:: Your instructions ::
When you reproduce the listing, keep every word as it is and drop the pictures.

:: Recorded data ::
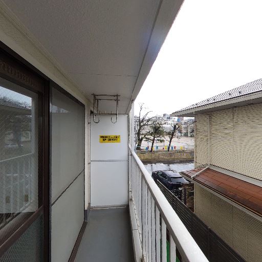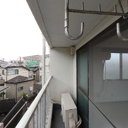 バルコニーの奥行きはやや狭め(確度77%):手すりと窓面の距離が小さく、室外機で通路幅がさらに圧迫されている。
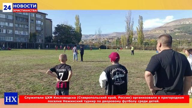Служители ЦХМ города Кисловодска (Ростовская область, Россия) организовали в пригородном посёлке Нежинский турнир по дворому футболу среди детей Ссылка: https://t.me/eparhiaonline
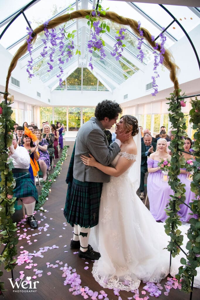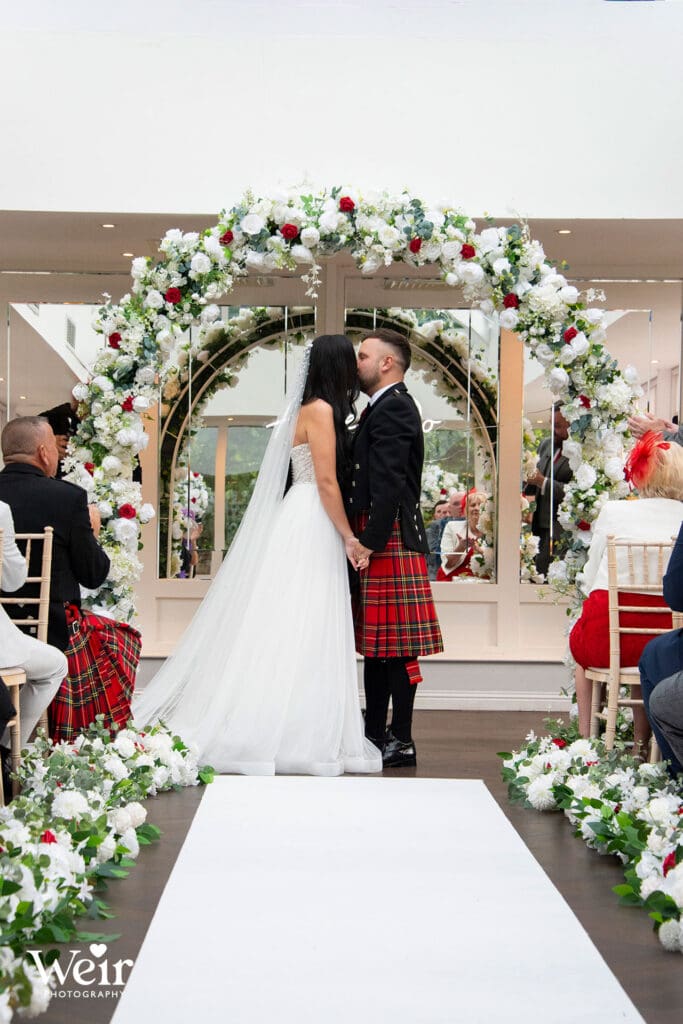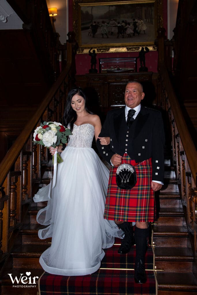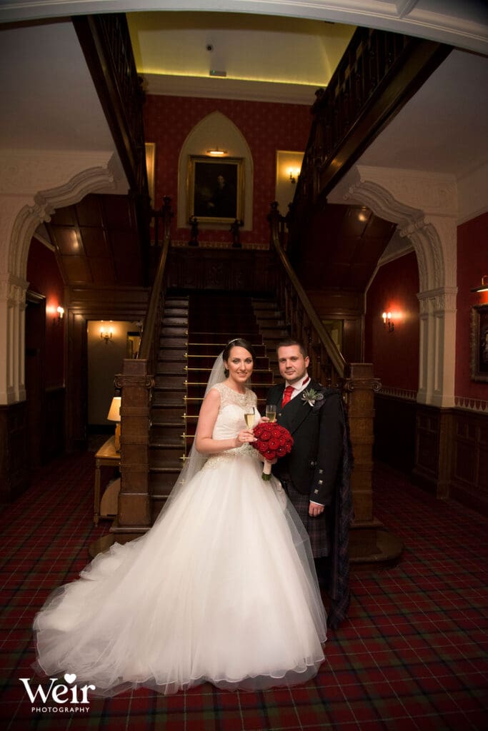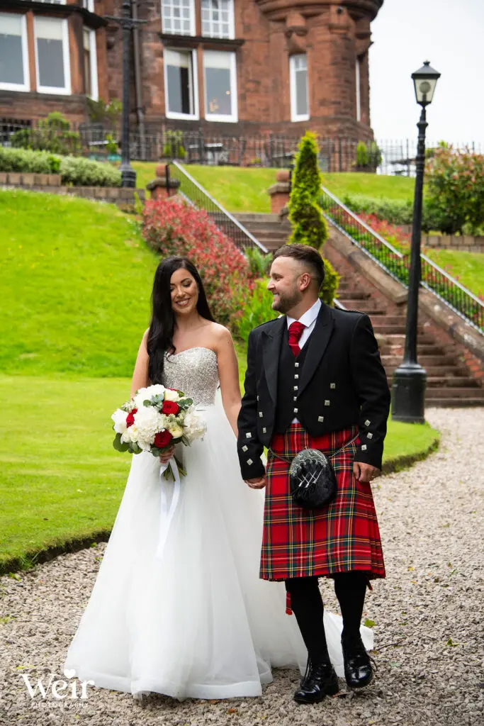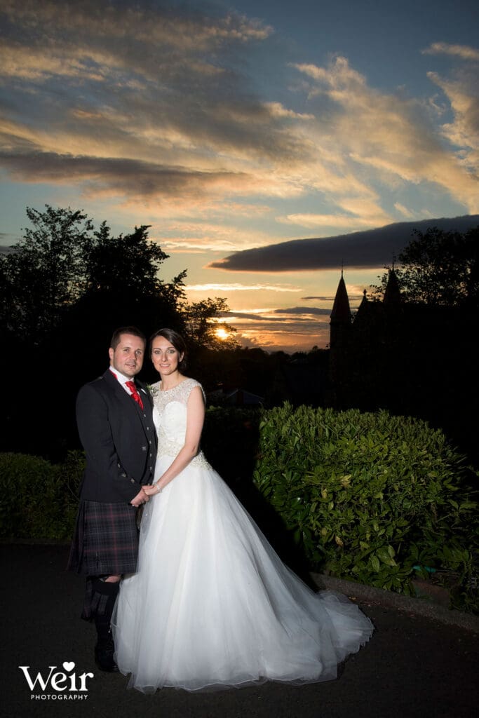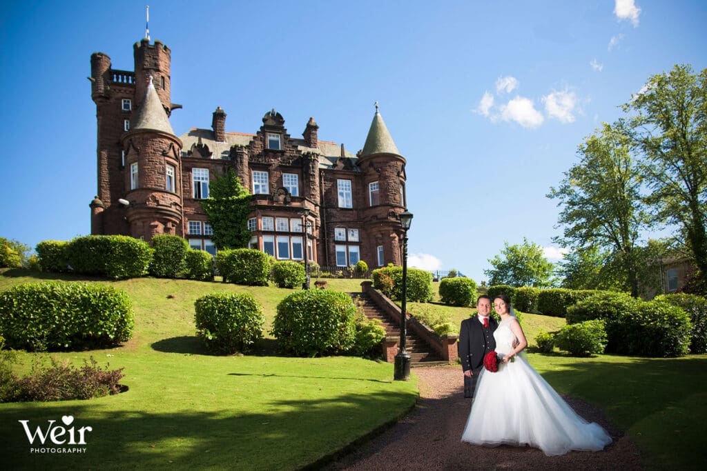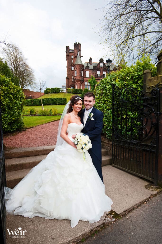 Sherbooke Castle, a magnificent Baronial Hotel crafted in rich red sandstone set in beautifully landscaped gardens in the leafy suburb of Pollockshields in Glasgow’s Southside. The hotel has luxury bedrooms and suites, a lounge bar, restaurant and meetings and event facilities for up to 200 guests. We have had the pleasure of attending many Sherbrooke Castle Weddings over the years and welcome the opportunity to do so each time.
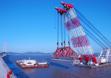 目前,金塘大橋項目部全力組織船舶調遷工作,"四航奮進"號船組預計本月19日起航前往青島,投入青島海灣大橋工程建設中。

:: Reply to the exercise ::
 バルコニーの奥行きはやや狭め(確度77%):手すりと窓面の距離が小さく、室外機で通路幅がさらに圧迫されている。
Служители ЦХМ города Кисловодска (Ростовская область, Россия) организовали в пригородном посёлке Нежинский турнир по дворому футболу среди детей Ссылка: https://t.me/eparhiaonline
 Sherbooke Castle, a magnificent Baronial Hotel crafted in rich red sandstone set in beautifully landscaped gardens in the leafy suburb of Pollockshields in Glasgow’s Southside. The hotel has luxury bedrooms and suites, a lounge bar, restaurant and meetings and event facilities for up to 200 guests. We have had the pleasure of attending many Sherbrooke Castle Weddings over the years and welcome the opportunity to do so each time.
 目前,金塘大橋項目部全力組織船舶調遷工作,"四航奮進"號船組預計本月19日起航前往青島,投入青島海灣大橋工程建設中。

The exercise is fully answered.